- From: Julian Reschke <julian.reschke@gmx.de>
- Date: Wed, 01 Apr 2009 10:52:15 +0200
- To: "Martin J. Dürst" <duerst@it.aoyama.ac.jp>
- CC: Lisa Dusseault <lisa.dusseault@gmail.com>, public-iri@w3.org, Mark Baker <mark@coactus.com>, apps-discuss@ietf.org
Martin J. Dürst wrote:
> I agree with Julian that discussion about updates of RFC 3987 (IRI spec,
> new version currently at draft-duerst-iri-bis-05) should go to
> public-iri@w3.org, whereas bug reports and discussions about RFC 3986
> (URI spec) should go to uri@w3.org.
>
> But Lisa, you are the AD who eventually has to handle anything that
> comes out of these drafts, so I'm glad to follow your directions.
>
> Julian, could you be more specific (pointer is sufficient) about what
> you mean below with "potential issue (normalization)"?
>
> Regards, Martin.
It's the one raised by Anne vK: Section 3.1 requires different IRI->URI
behavior depending on the encoding of the source document:
Step 1. Generate a UCS character sequence from the original IRI
format. This step has the following three variants,
depending on the form of the input:
a. If the IRI is written on paper, read aloud, or otherwise
represented as a sequence of characters independent of
any character encoding, represent the IRI as a sequence
of characters from the UCS normalized according to
Normalization Form C (NFC, [UTR15]).
b. If the IRI is in some digital representation (e.g., an
octet stream) in some known non-Unicode character
encoding, convert the IRI to a sequence of characters
from the UCS normalized according to NFC.

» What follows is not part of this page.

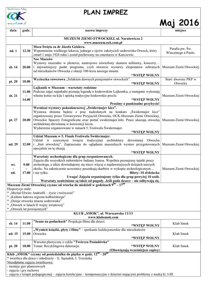 PLAN IMPREZ data godz. nazwa imprezy Maj 2016 miejsce MUZEUM ZIEMI OTWOCKIEJ, ul. Narutowicza 2 www.muzeum.ock.com.pl Msza Święta za dr Józefa Geislera. Parafia pw. Św. nd. 1 12.30 Wspomnienie wielkiego lekarza, jednego z ojców założycieli uzdrowiska Otwock, który Wincentego á Paulo. zmarł 1 maja 1924 roku i został pochowany na cmentarzu w Karczewie. Noc Muzeów Wystawy muzealne w plenerze, nastrojowo oświetlony skansen militarny, koncerty… sb. 14 20.00 i najważniejszy punkt programu, czyli otwarcie wystawy eksponatów zebranych Muzeum Ziemi Otwockiej od mieszkańców Otwocka z okazji 100-lecia naszego miasta. *WSTĘP WOLNY Wycieczka rowerowa „Szlakiem dawnych pensjonatów otwockich”. Start: dworzec PKP w pt. 20 18.00 Otwocku *WSTĘP WOLNY Lajkonik w Muzeum – warsztaty rodzinne 11.00 Podczas zajęć najmłodsi poznają legendę o krakowskim Lajkoniku, a następnie wykonają własne konie na kiju i upieką tradycyjne krakowskie precle. Muzeum Ziemi Otwockiej sb. 21 – 14.00 *WSTĘP WOLNY Prosimy o punktualne przybycie! Wernisaż wystawy pokonkursowej „Świdermajer kicz”. Wystawa złożona będzie z prac nadesłanych na konkurs „Świdermajer kicz” organizowany przez Towarzystwo Przyjaciół Otwocka, OCK-Muzeum Ziemi Otwockiej, pt. 27 20.00 Otwockie Spacery Fotograficzne oraz portal swidermajer.info. Prace ukazują otwocką Muzeum Ziemi Otwockiej architekturę drewnianą w konwencji kiczu. Wydarzenie organizowane w ramach 5. Festiwalu Świdermajer. *WSTĘP WOLNY Udział Muzeum w 5. Finale Festiwalu Świdermajer. Udział w corocznym święcie tradycyjnej architektury drewnianej Otwocka nd. 29 12.00 i „linii otwockiej”. Zapraszamy do oglądania muzealnych wystaw przygotowanych Muzeum Ziemi Otwockiej specjalnie na tę okazję. *WSTĘP WOLNY Warsztaty archeologiczne dla grup zorganizowanych. Zajęcia dla wszystkich miłośników Indiany Jonesa. Wspólnie poznajemy tajniki pracy wt. 9.00 archeologa, a także dowiadujemy się nieco więcej o najdawniejszych dziejach naszych okolic. Na zakończenie uczestnicy poszukują skarbów w wykopie archeologicznym… Muzeum Ziemi Otwockiej Bilety: 10 zł/dziecko nd. 17.00 i nie tylko. Uwaga! Zajęcia organizujemy tylko dla grup powyżej 10 osób. Warsztaty uzależnione są także od pogody. Jeśli pada deszcz – nie odbywają się. Muzeum Ziemi Otwockiej czynne od wtorku do niedzieli w godzinach 900 – 1700 Ekspozycje stałe: * „Michał Elwiro Andriolli – życie i twórczość” * „Kultura ludowa regionu kołbielskiego” * „Dzieje otwocka miasta uzdrowiska” * „Otwock w latach II wojny światowej” * „Otwock lat powojennych” KLUB „SMOK”, ul. Warszawska 11/13 www.klubsmok.com "Seans na poduchach" Projekcja filmu dla dzieci. Klub Smok sb. 14 11.00 *WSTĘP WOLNY „Wymień książki, płyty i filmy” – spotkanie kolekcjonerskie dla mieszkańców Klub Smok nd. 15 15.00 Otwocka. *WSTĘP WOLNY Warsztat plastyczny z cyklu "Twórcza Posiadówka" *WSTĘP WOLNY Klub Smok pt. 20 18.00 Temat: Recyklingowa dekoracja. (Obowiązują wcześniejsze zapisy) Klub „SMOK” czynny od poniedziałku do piątku w godz. 1200 - 2000 * świetlica dla dzieci i młodzieży – E. Sąsiadek, I. Trzcińska Nieodpłatne zajęcia świetlicowe: - turnieje gier planszowych - zajęcia i gry ruchowe - zajęcia z terapii pedagogicznej – zajęcia korekcyjno – kompensacyjne z dziećmi mającymi problemy z nauką kl. I-III - kawiarenka komputerowa - zajęcia aktorskie (przygotowanie przedstawienia w ramach Przeglądu Amatorskich Przedstawień Profilaktycznych) Zajęcia odpłatne: * pracownia rzeźby – M. Pietrzak – wtorek, środa godz. 1700 * „Maluszkowo” zajęcia dla dzieci od 2 do 4 lat przygotowujące dziecko do pobytu w przedszkolu – gry i zabawy ruchowe, zajęcia muzyczne, wprawki plastyczne – E. Sąsiadek – wtorek godz. 900 * zajęcia teatralne – E. Sąsiadek – wtorek 1600 * zajęcia plastyczne – I. Trzcińska – czwartek 1600 * zajęcia muzyczne – M. Gajewski - wtorek 1800, czwartek 1700 * zajęcia kulinarne – E. Sąsiadek – poniedziałek 1700 KLUB „MLĄDZ”, ul. Majowa 202 www.klubmladz.ock.com.pl Piątkowe wieczory filmowe. Klub Mlądz pt. 06 19.00 Projekcja filmów dla młodzieży. *WSTĘP WOLNY Dzień bibliotekarza i bibliotek pt.: „Biblioteka inspiruje” We współpracy z filią biblioteki publicznej mieszczącej się w klubie przeprowadzone zostaną warsztaty kaligrafii, nauka pisania na maszynie. Warsztaty ukazujące jak Klub Mlądz nd. 08 16.00 powstawały rękopisy do książek na przestrzeni wieków. Poprowadzona zostanie prelekcja o tym jak powstało pismo. *WSTĘP WOLNY Piątkowe wieczory filmowe. Klub Mlądz pt. 20 19.00 Projekcja filmów dla młodzieży. *WSTĘP WOLNY Bajki nie tylko dla dzieci. Klub Mlądz nd. 22 16.00 Projekcja filmu. *WSTĘP WOLNY KLUB „MLĄDZ” czynny od poniedziałku do piątku w godz. 1200 -2000 * świetlica dla dzieci i młodzieży – M. Malesa – poniedziałek – piątek godz. 1200 – 1700 Nieodpłatne zajęcia świetlicowe: - warsztaty plastyczne tematyczne (wielkanocne, bożonarodzeniowe) - turnieje gier planszowych - zajęcia i gry ruchowe - kawiarenka komputerowa - doraźna pomoc dzieciom i młodzieży w zajęciach plastycznych, gazetkach, szkolnych pracach dodatkowych Zajęcia nieodpłatne: * zespół ludowy „Mlądz” – G.Powałka – wtorek godz. 1700 * grupa teatralna „Cylinder” – M.Malesa – piątek godz. 1700 * dziecięca sekcja teatralna „Jaskółeczka” – M.Malesa – piątek godz. 1715 Zajęcia odpłatne: * wiklina – T.Sokolik – poniedziałek, wtorek, środa godz. 1600 * zajęcia plastyczne – I. Trzcińska – wtorek godz. 1700 * warsztaty kreatywności grupa przedszkolna – M. Duraj- Kwas – poniedziałek godz. 1700 * warsztaty kreatywności grupa szkolna – M. Duraj- Kwas – poniedziałek godz. 1815 * zajęcia ogólnorozwojowe - UKS Niedźwiadek dla dzieci - wtorek, środa, piątek godz. 1630 IMPRESARIAT ww

c. If the IRI is in a Unicode-based character encoding (for
example, UTF-8 or UTF-16), do not normalize (see section
5.3.2.2 for details). Apply step 2 directly to the
encoded Unicode character sequence.
It would be helpful to understand where exactly this requirement comes
from, and whether we have evidence it's being implemented (or even
implementable; the source document encoding may not be known at the
moment where the URI->IRI conversion occurs).
BR, Julian
Received on Wednesday, 1 April 2009 08:53:11 UTC